But faculties on their part cannot reject assessment as impossible, as I have heard faculty members do. To say that there is no way of assessing the kinds of subtle things that I’m trying to get my students to understand is unreasonable. I mean, professors assess learning all the time. They call it grading, and they are constantly assessing how much their students have learned. It is true that some goals, some legitimate goals of undergraduate education, are hard to measure. But there’s a lot that can be measured fairly readily. You certainly can measure improvement in writing. You can measure proficiency in a foreign language. You can measure the amount of learning that goes on in subjects that have definite answers, like math and statistics and much of science. I think you can do a pretty good job of measuring critical thinking. So there are a lot of important things that you can measure, and we shouldn’t try to deny that that is so. You can also do some very interesting things at the level of individual courses.

I thought I’d just give you two quick examples. I have a friend at Harvard named Eric Mazur who teaches basic physics. He was a very successful teacher. He got high student ratings. He had large classes. But something bothered him. He read about some other professors who had found that their students didn’t know as much as they thought, and he was somewhat troubled by some of the questions that his students asked him after class. Unlike most of us – who, when we hear disturbing things like that, we get over it, and go on as we did before – he decided, “I’m going to put this to a test.”

He devised a very simple exam. If you really understood the underlying principles of physics in the course, you would have no difficulty applying these to the somewhat different situations that he described in his test. But if you didn’t understand the principles of physics, you would be totally flummoxed. He gave the test to the students before they had gone to a single class, and of course the students did terribly, because they knew nothing about physics. How would they pass this exam? Just what was expected. But then when the class was over, he gave them a test which was almost exactly the same. They did no better the second time than they did before they took the course. He had to come to terms with the fact that his students had relied on their memory to pass the tests and even sometimes to get very good grades. They memorized all their problem sets and they could kind of figure out whether the questions corresponded to this or that problem they remember solving, but they didn’t really understand anything that was fundamentally important. Well, that was a very interesting thing to know. I think that if more professors tried to use assessment in their own courses, you would find some other interesting things.

Another wonderful example is probably one of the most influential tests ever made in America. It was made by a young person – I think he was a graduate student at Berkeley. Uri Treisman wondered why his black students did so much worse than his Asian students in introductory calculus. So, unlike most people who teach calculus, he decided to play anthropologist. He padded around and observed how these students went about studying for the course and he found a very interesting thing. The Asian students studied in groups, and if one of them didn’t understand, the others would work with that student until they figured out why he or she was having such a hard time. They would overcome whatever mental block the student was having, and the student would get back in the swing of things. The black students studied alone. And when they reached an assignment that for some reason they couldn’t deal with, they got discouraged. They began to get further and further behind, and then they ultimately dropped out or did very badly in the course.

But Treisman didn’t stop there.

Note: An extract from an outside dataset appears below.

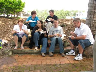 Here is a very orderly group of lunchers. Back row: Margaret Bates, Maurie O'Connell (Queanbeyan, NSW).

I wish we had more people like him. He said, “Well, I’m going to do an experiment. I’m going to have the black students study in groups, just like everybody else. And I teach more than one section, so I had one section made up of study groups, and I had another section in which people were free just as they had been in the past to study any way they wanted.” And there were dramatic improvements. The black students got much better grades, they dropped out of science much less frequently, and they graduated at higher rates. It was quite a remarkable performance.

I simply cite these cases to illustrate the interesting things that you can do if you set about really trying to discover how much learning is going on in your class. And there are lots of other useful applications. One of the interesting things about undergraduate education is that almost every college brochure talks about how “We’re educating and preparing informed, enlightened citizens.” But almost no curriculum has a single course that has anything really to do with preparing citizens at all. It would be interesting to test that. One person did – a political scientist with the wonderful name of Sunshine Hillygus. I don’t know whether Sunshine is male or female, so I’ll use the word she and hope for the best. Sunshine did a study of what happened to people for five or six years after they graduated, and she found the very interesting fact that whether people majored in education or engineering or business, they actually became less involved as citizens — so much so that with every additional course they took in their major, they tended in later life to be less engaged in their communities and in voting and so forth. That again is a very interesting thing to know – instead of just asserting that we are turning out enlightened citizens.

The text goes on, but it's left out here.